ANSWERS: 12
  • do you want to? ? cuz thts not good, but no. . . i dont. . . you asked. . . and m yanswer is no. . . we didnt have to say yes. . . iknow im smart. . lol :D
  • People who create them are aholes don't make one
  • Thank you all for down rating and being too cowardly to leave a comment or an answer. Excuse me for being curious. Thank you for being thought-crime police.
  • Yes. It's not very difficult to create one, although if you differentiate between trojans and viruses then it's difficult to find a reliable vector for one. Naturally, as others have pointed out, you wouldn't want to.
  • No and I don't want to know , its sad that people do that
  • Short answer: If you can write a program, you can write a virus. Long answer: Although I have not attempted to write a typical computer virus aka a program that does harm to a computer (beyond the practical joke on a friend), I suppose I could. There are even "virus writing kits" available for the kiddy haxors that can't do it themselves. Contrary to popular belief, not all viruses are written with the intent of harm or destruction.
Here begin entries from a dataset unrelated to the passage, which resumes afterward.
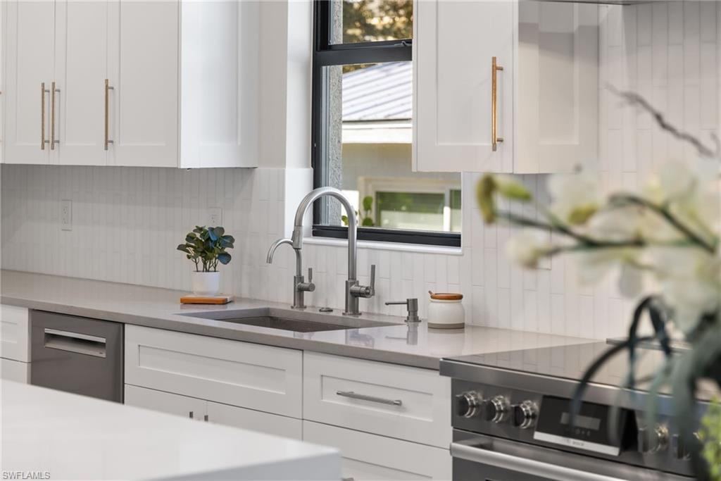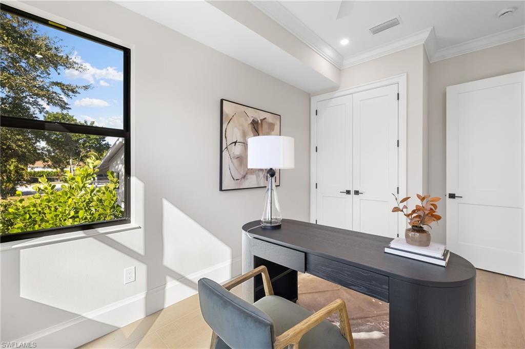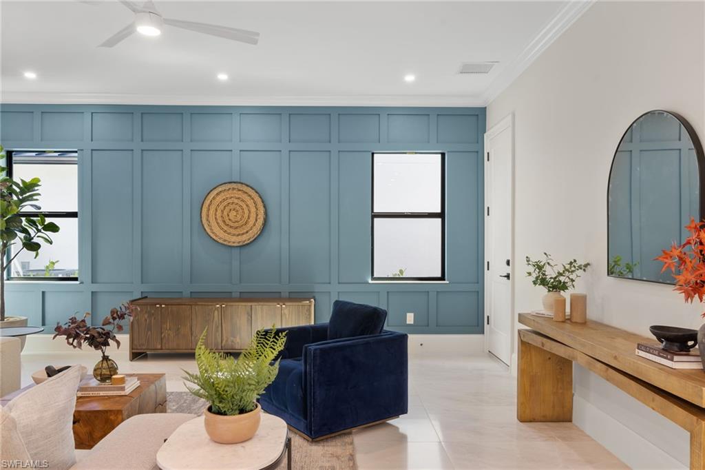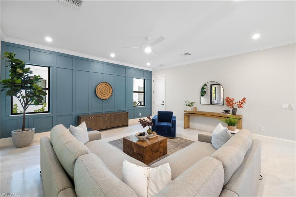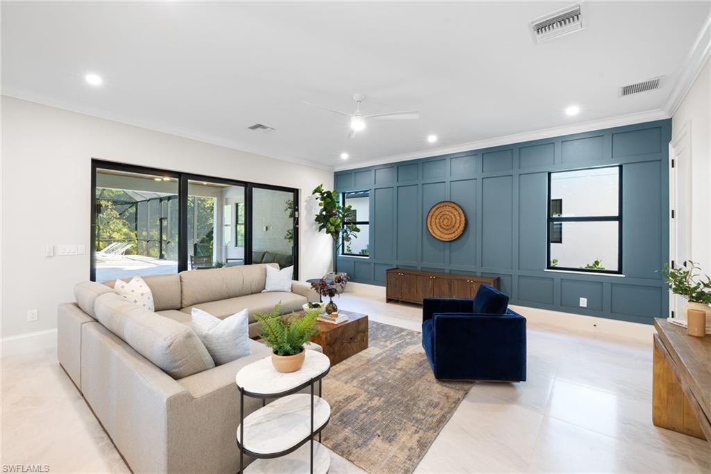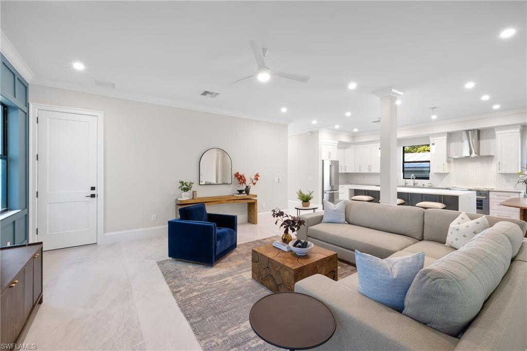 Fabulous new Construction in Bayshore District offering luxury, functionality & the coveted Naples coastal lifestyle! Step into a world of refined craftsmanship and modern sophistication with this brand-new, custom-built residence located in Naples’ dynamic Bayshore District—a neighborhood alive with art, live music, and waterfront dining. This stunning furnished, 4-bedroom plus den, two-story home perfectly balances elegant design and functional living. Inside, expansive open-concept spaces flow effortlessly between the living, dining, and gourmet kitchen areas, all curated with high-end finishes and contemporary architectural details. Every room is bathed in natural light, highlighting the home’s clean lines and sophisticated palette. The first-floor primary en-suite offers a serene retreat with luxurious finishes and spa-like bath, while the den and an additional bedroom on the same level provide flexibility for guests or a home office. Upstairs, a private enclave awaits—two guest bedrooms and a spacious open lounge area with a wet bar, ideal for multi-generational living or visiting family. For added privacy, the stairway is set behind a locking door, creating a secluded second-level retreat - which could also serve as an income source if rented out. Outside you will find your own personal oasis, with a resort-style pool, outdoor kitchen area with grill and covered dining/entertaining space, designed for year-round enjoyment under the Florida sun. A two-car garage provides ample storage and convenience, complementing the home’s modern functionality. Just minutes from downtown Naples and Fifth Ave with it's renowned dining and shopping areas and moments from the artistic energy of Bayshore, this home offers the ultimate blend of luxury, lifestyle, and location—where contemporary design meets coastal charm in one of Naples’ most exciting and evolving districts.
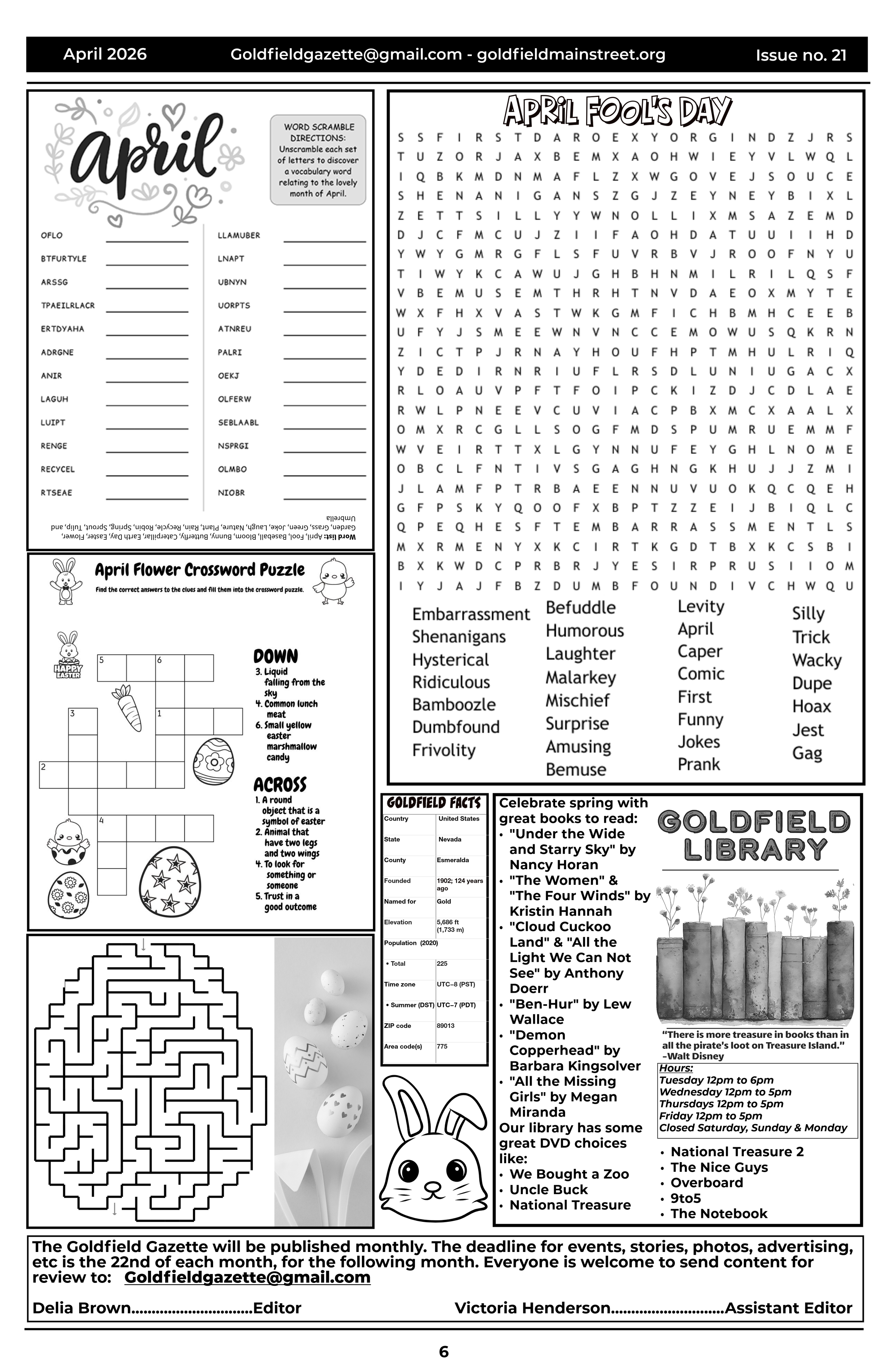 PO Box 354 | Goldfield, Nevada 89013 | goldfieldgazette@gmail.com
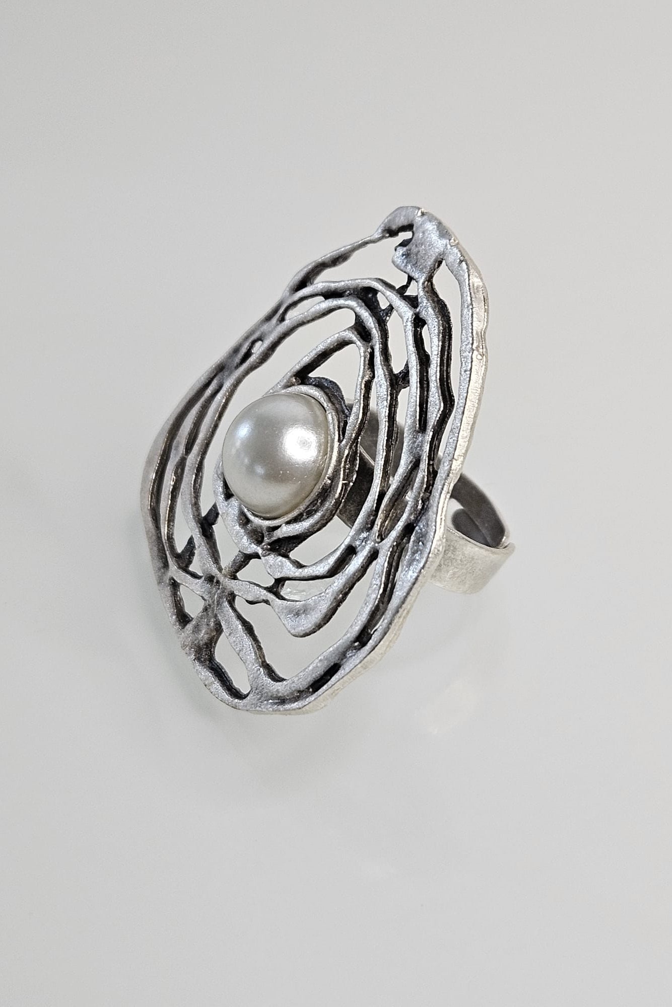 SORTIJA TURCA PLATEADO MATE DISEÑO ABSTRACTO CON PERLA EN EL CENTRO, AJUSTABLE
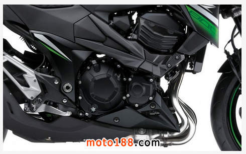Z800搭載了一臺806cc的四缸16氣門的發動機,川崎表示這款Z800是中級街車中性能最強的車型之一。34mm的Keihin節氣門響應非常迅速,川崎的工程師為Z800設計了兩套不同速度下的進氣回路保證發動機能夠運行在最高效的狀態;六速變速箱的齒比設定較為緊湊,加速表現相當出色,并且第六檔的齒比設定非常適合高速巡航。
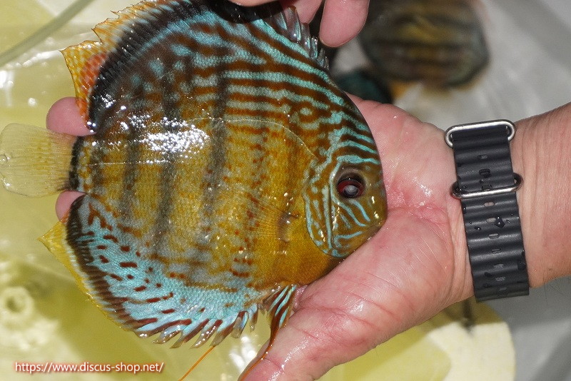 グリーンディスカスの中でも最もバリエーションが豊富でラージスポットタイプ、スポットラインタイプをはじめ、ロイヤルラインタイプなどの極上個体。またベースカラーの黄色、ホリゾンタルラインの青み、スポットの赤と最もカラフルな種となります。仕上がれば改良品種顔負けのど派手なパターンを持つ魅力的な産地の個体となります。
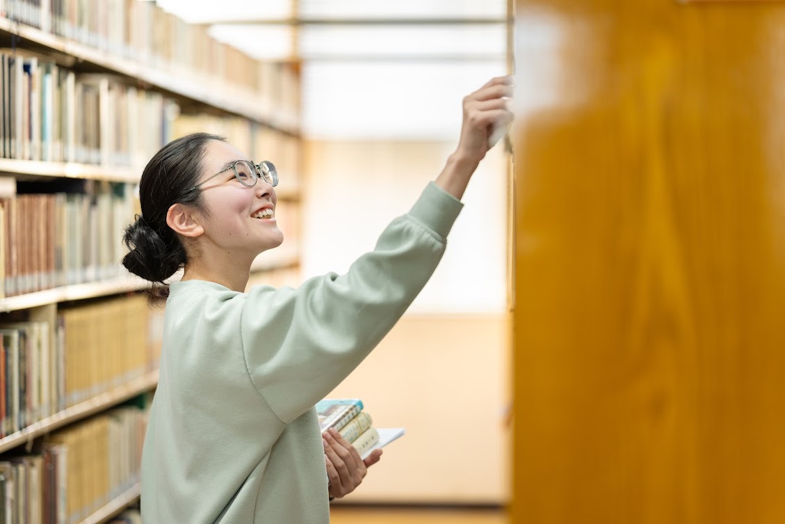 中学生の頃から抱いていた「図書館司書」への憧れ。聖学院大学のオープンキャンパスで先生から、「司書は情報を整理し、活用するプロ。社会のどこでも役立つ力になる」と教わったことが入学の決め手でした。
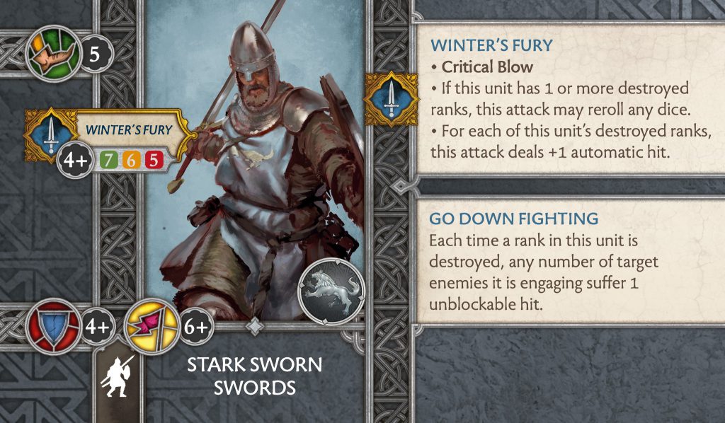 Stark Sworn Swords - Mid and Last Rank Dice Increase, Go Down Fighting and Winter’s Fury Rework

There have been several that do benign things such as spread, patch a security vulnerability, and then delete themselves. This could still arguably/potentially cause harm unintentionally (by crashing something or causing excess bandwidth usage etc...) but you get the idea. There are many types of "malware" and they all do different things so you should read up on them if you are interested. Some example types are: polymorphic, trojan, worm, backdoor, dialers... http://www.f-secure.com/glossary/eng/malware-code-glossary.shtml http://www.symantec.com/business/security_response/threatexplorer/risks/index.jsp The whole hacker underground and botnets would probably be of interest to you as well. Currently, there is a botnet (hundreds of thousands of "commandeered" home computers similar to the one you're using right now all working together to perform a DDOS attack, or send spam, or just doing nothing other than maintaining their own healthy network) that has more processing power than any of the known supercomputers on earth. A lot of security experts are crapping their pants because they are not sure if and/or when it will be used by its "owners" to do something really bad. (so far it hasn't done much of anything) It uses the peer to peer overnet protocol which is encrypted and pretty much headless so it is next to impossible to track down who is controlling/using it. http://www.usenix.org/event/hotbots07/tech/full_papers/grizzard/grizzard_html/ I hope this is useful to you. I would strongly discourage any virus writing. Even if you wanted to create a test environment just on your personal network or something, it could easily get away from you. It has happened to professors and some pretty smart people in the past. Some did jail time for it... Cartoon courtesy of: xkcd http://xkcd.com/350/
  • Push the wrong button!!
  • look for the weaknesses in a software and abuse it. But the Feds, Microsoft and about 1 billion people throughout the world will learn to hate you
  • I created one once when I just started out learning programing. It was just for fun. It basically just opened the calculator in Windows a thousand times. It cause the computer to freeze up. Once I restarted the computer I just got rid of the program.
  • I created one too, by accident, when I was fairly new to programming. I created a small process that creates copies of itself, and the child processes seek out and destroy the parent process. Within a few moments there were thousands of runaway copies, and they couldn't be removed because they kept getting killed before you could find them. The computer (a shared supercomputer) had to be shut down because of it :(
  • Yes, but smart people don't create virii. They complain about the people who do.
  • Yes probably into the hundreds if you counted every variation as different. Not left my network thought, eduactional reasons. If you know nothing of programming, start by creating batch files. I have thousands of examples if you would like to learn to make simple programs that aid productivity.